## REQUIRED WORK
Without including any images, repeat the data exactly.

## Records from a data source
..........
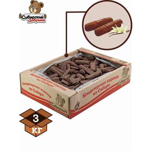 Печенье бисквитное в темной глазури шоло, прослоенное начинкой "Сгущенка вареная", 3 кг , мишка в малиннике , Сибирский добрыня
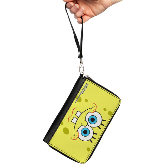 PU Zip Around Wallet Rectangle - SpongeBob Biting Lip Face Centered
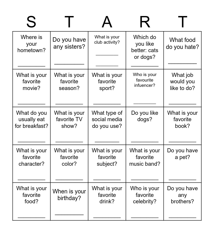 This bingo card has a free space and 24 words: What is your favorite color? _________, When is your birthday? _________, What is your favorite sport? _________, What is your favorite food? _________, What food do you hate? _________, Where is your hometown? _________, What is your favorite movie? _________, Do you have any sisters? _________, Do you like dogs? _________, What is your favorite subject? _________, Who is your favourite infuencer? _________, What do you usually eat for breakfast? _________, What is your favorite music band? _________, Do you have a pet? _________, What is your favorite season? _________, Who is your favorite celebrity? _________, What is your favorite book? _________, What is your club activity? _________ _________, What job would you like to do? _________, What is your favorite TV show? _________, Do you have any brothers? _________, What is your favorite character? _________, Which do you like better: cats or dogs? _________ and What is your favorite drink? _________.
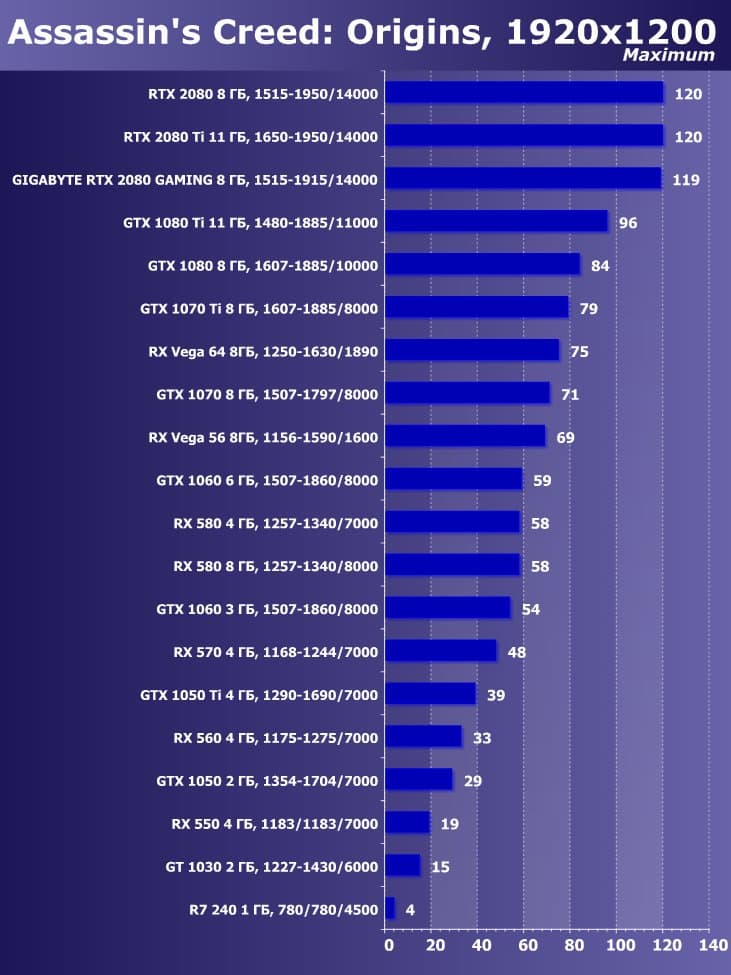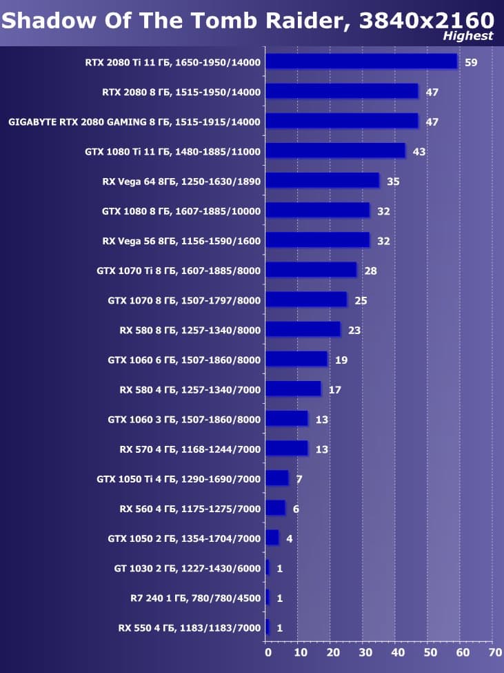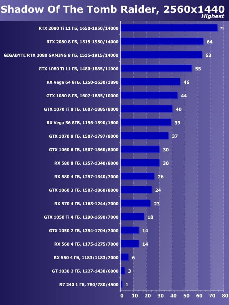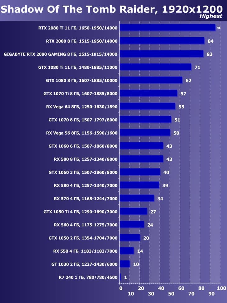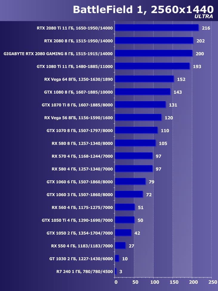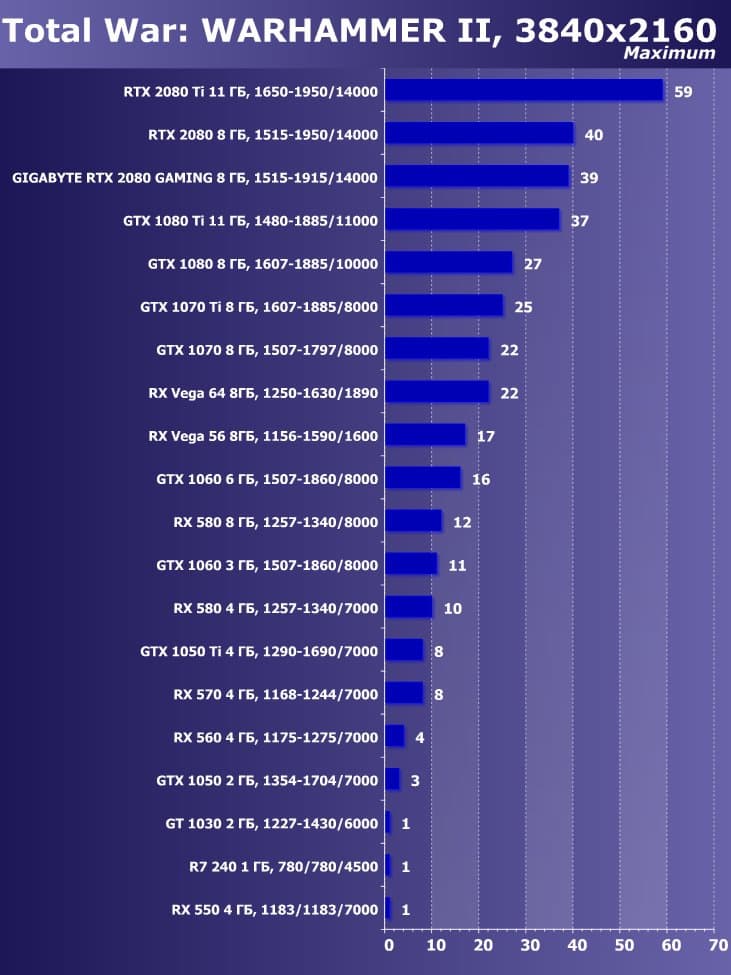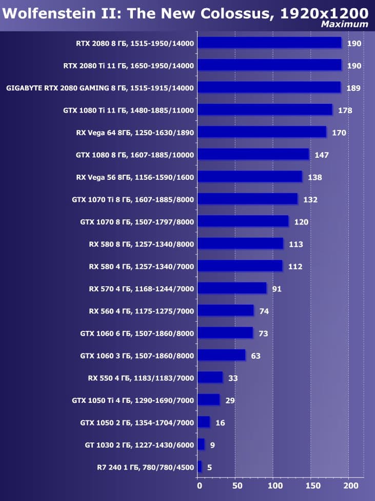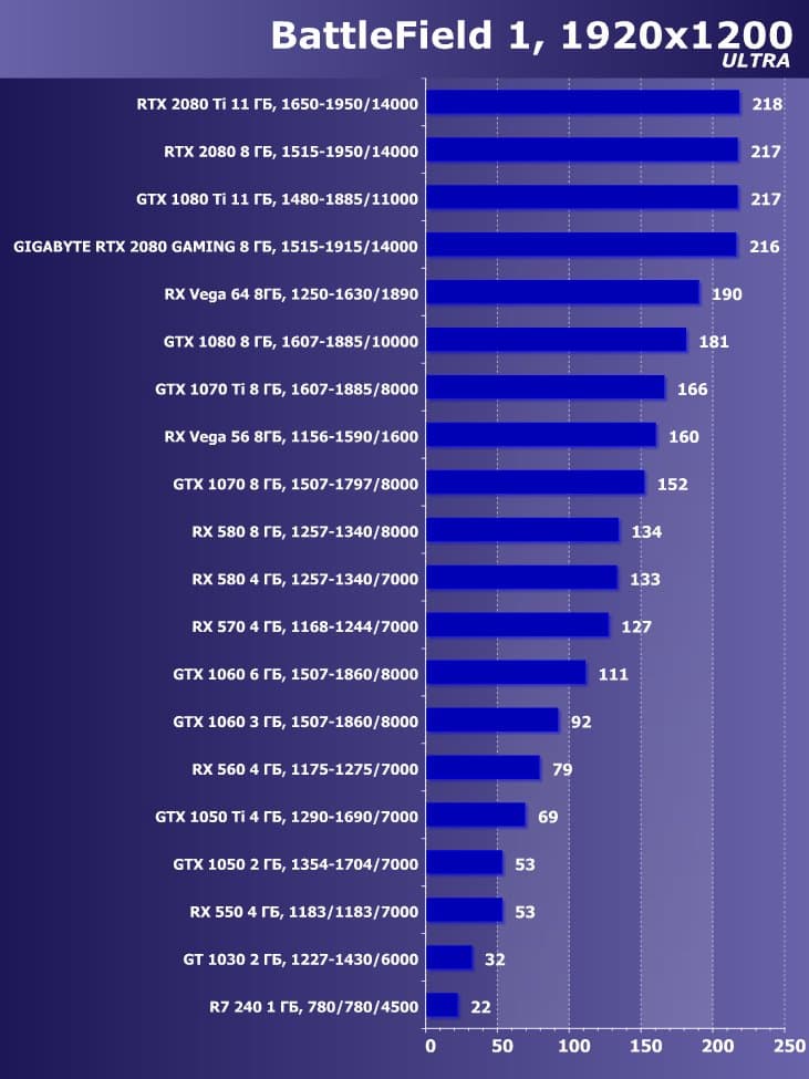 | 11 | Gigabyte RTX 2080 Gaming OC 8 ГБ, 1515—1915/14000 | 774 | 4580 | 59 200 |
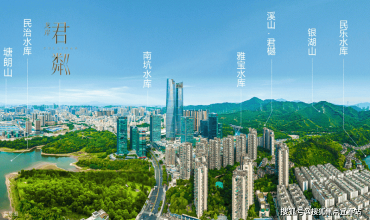 君粼近享银湖山、塘朗山两大山脉,揽民治、民乐、雅宝、南坑四大湖泊;
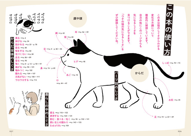 耳や尻尾の動き、鼻の濡れ方、前足モミモミや毛づくろいなど、猫ならではのさまざまなしぐさの中から、飼い主が心配を抱きがちな「しぐさ」60項目超を厳選して掲載。
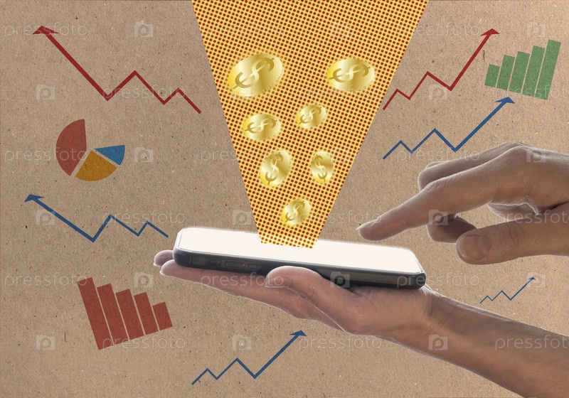 Женские руки держат смартфон на фоне диаграмм роста и диаграмм в стиле ретро. Концепция электронной коммерции и интернет-инвестиций. Коллаж современного искусства, современный дизайн
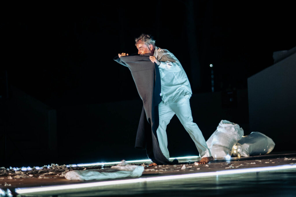 Το σώμα του ηθοποιού γίνεται η γλώσσα του. Τα φώτα ο καμβάς της µνήμης. Οι ήχοι είναι ο παλμός. Ένας κόσμος που θρυµµατίζεται και αναγεννιέται διαρκώς.
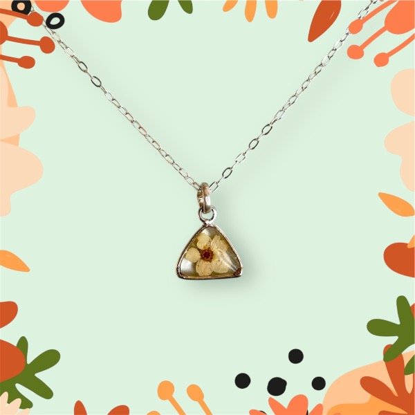 Este dije está elaborado con un pedacito de naturaleza seca, preservada y encapsulada en resina epoxi cristalina.
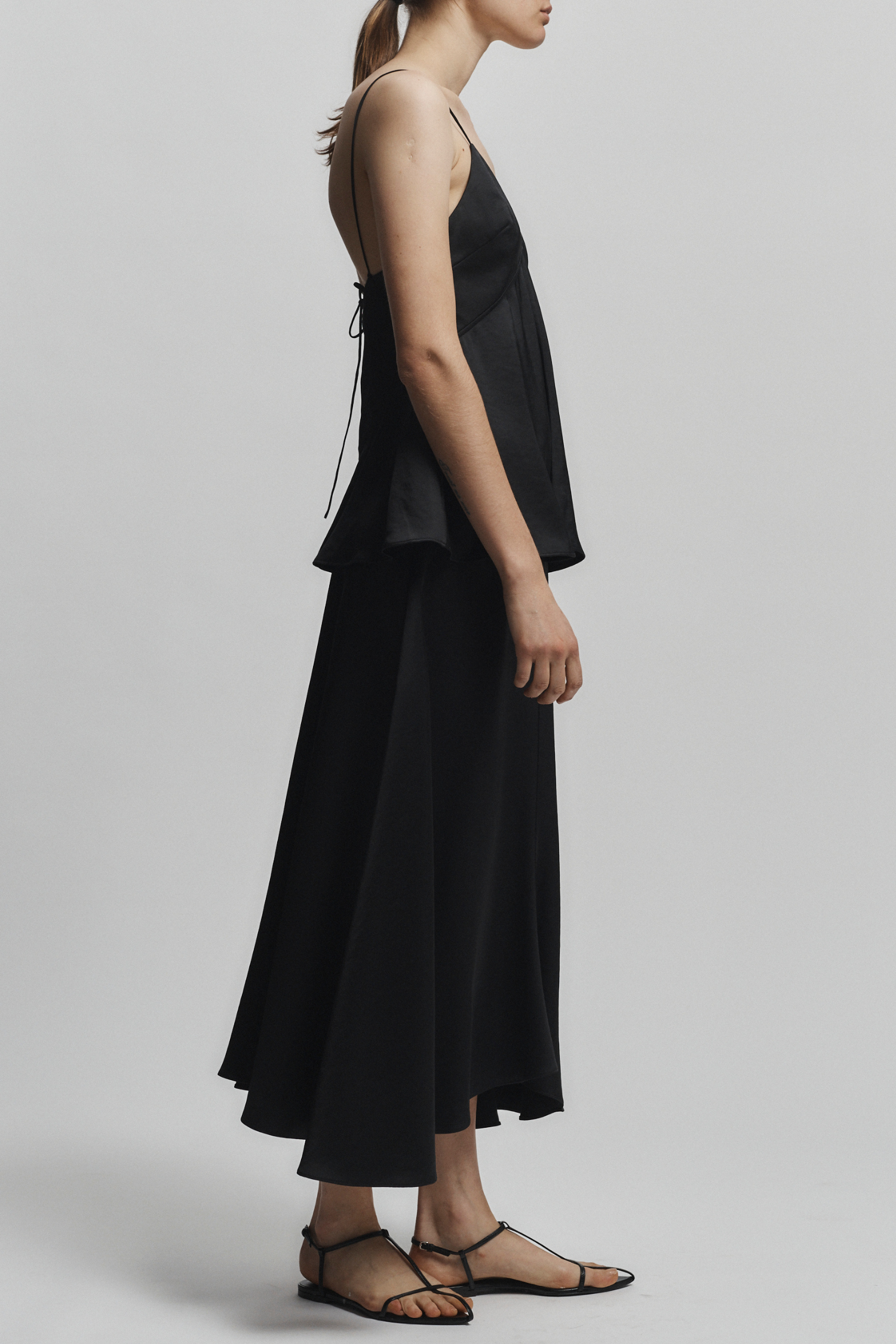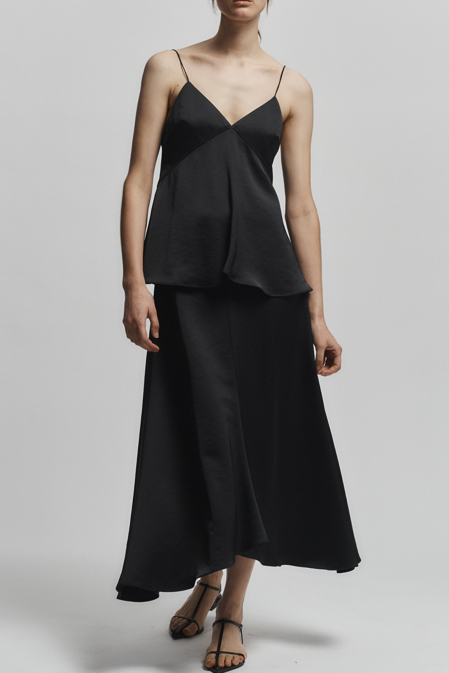 Expertly designed for style and comfort, the Frieda A-Line Skirt in Black is a must-have piece for any wardrobe. Made with heavy charmeuse fabric, this midi skirt boasts a flattering a-line silhouette and is machine washable for easy care. Pair it with our Elise top for a sophisticated ensemble.
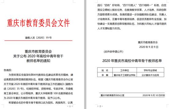 日前,由重庆市教委组织评选的2020年高校中青年骨干教师评选结果正式揭晓,我校云计算技术与应用专业带头人李腾老师荣获“2020年重庆市高校中青年骨干教师”称号。
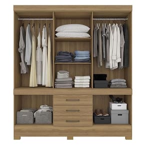 O Guarda-Roupa New Murano possui divisões e compartimento bem distribuídos oferecendo compartimentos exclusivos para vários pares de sapatos, maleiro espaçoso e prateleira. Gavetas externas com deslize perfeito e pés em PVC que facilitam a limpeza do piso ao redor do produto. Possui puxadores super elegantes na cor bronze permitindo que você personalize o seu ambiente deixando-o cada vez mais elegante.
..........
## COMPLETED TASK
 Печенье бисквитное в темной глазури шоло, прослоенное начинкой "Сгущенка вареная", 3 кг , мишка в малиннике , Сибирский добрыня
 PU Zip Around Wallet Rectangle - SpongeBob Biting Lip Face Centered
 This bingo card has a free space and 24 words: What is your favorite color? _________, When is your birthday? _________, What is your favorite sport? _________, What is your favorite food? _________, What food do you hate? _________, Where is your hometown? _________, What is your favorite movie? _________, Do you have any sisters? _________, Do you like dogs? _________, What is your favorite subject? _________, Who is your favourite infuencer? _________, What do you usually eat for breakfast? _________, What is your favorite music band? _________, Do you have a pet? _________, What is your favorite season? _________, Who is your favorite celebrity? _________, What is your favorite book? _________, What is your club activity? _________ _________, What job would you like to do? _________, What is your favorite TV show? _________, Do you have any brothers? _________, What is your favorite character? _________, Which do you like better: cats or dogs? _________ and What is your favorite drink? _________.
 | 11 | Gigabyte RTX 2080 Gaming OC 8 ГБ, 1515—1915/14000 | 774 | 4580 | 59 200 |
 君粼近享银湖山、塘朗山两大山脉,揽民治、民乐、雅宝、南坑四大湖泊;
 耳や尻尾の動き、鼻の濡れ方、前足モミモミや毛づくろいなど、猫ならではのさまざまなしぐさの中から、飼い主が心配を抱きがちな「しぐさ」60項目超を厳選して掲載。
 Женские руки держат смартфон на фоне диаграмм роста и диаграмм в стиле ретро. Концепция электронной коммерции и интернет-инвестиций. Коллаж современного искусства, современный дизайн
 Το σώμα του ηθοποιού γίνεται η γλώσσα του. Τα φώτα ο καμβάς της µνήμης. Οι ήχοι είναι ο παλμός. Ένας κόσμος που θρυµµατίζεται και αναγεννιέται διαρκώς.
 Este dije está elaborado con un pedacito de naturaleza seca, preservada y encapsulada en resina epoxi cristalina.
 Expertly designed for style and comfort, the Frieda A-Line Skirt in Black is a must-have piece for any wardrobe. Made with heavy charmeuse fabric, this midi skirt boasts a flattering a-line silhouette and is machine washable for easy care. Pair it with our Elise top for a sophisticated ensemble.
 日前,由重庆市教委组织评选的2020年高校中青年骨干教师评选结果正式揭晓,我校云计算技术与应用专业带头人李腾老师荣获“2020年重庆市高校中青年骨干教师”称号。
 O Guarda-Roupa New Murano possui divisões e compartimento bem distribuídos oferecendo compartimentos exclusivos para vários pares de sapatos, maleiro espaçoso e prateleira. Gavetas externas com deslize perfeito e pés em PVC que facilitam a limpeza do piso ao redor do produto. Possui puxadores super elegantes na cor bronze permitindo que você personalize o seu ambiente deixando-o cada vez mais elegante.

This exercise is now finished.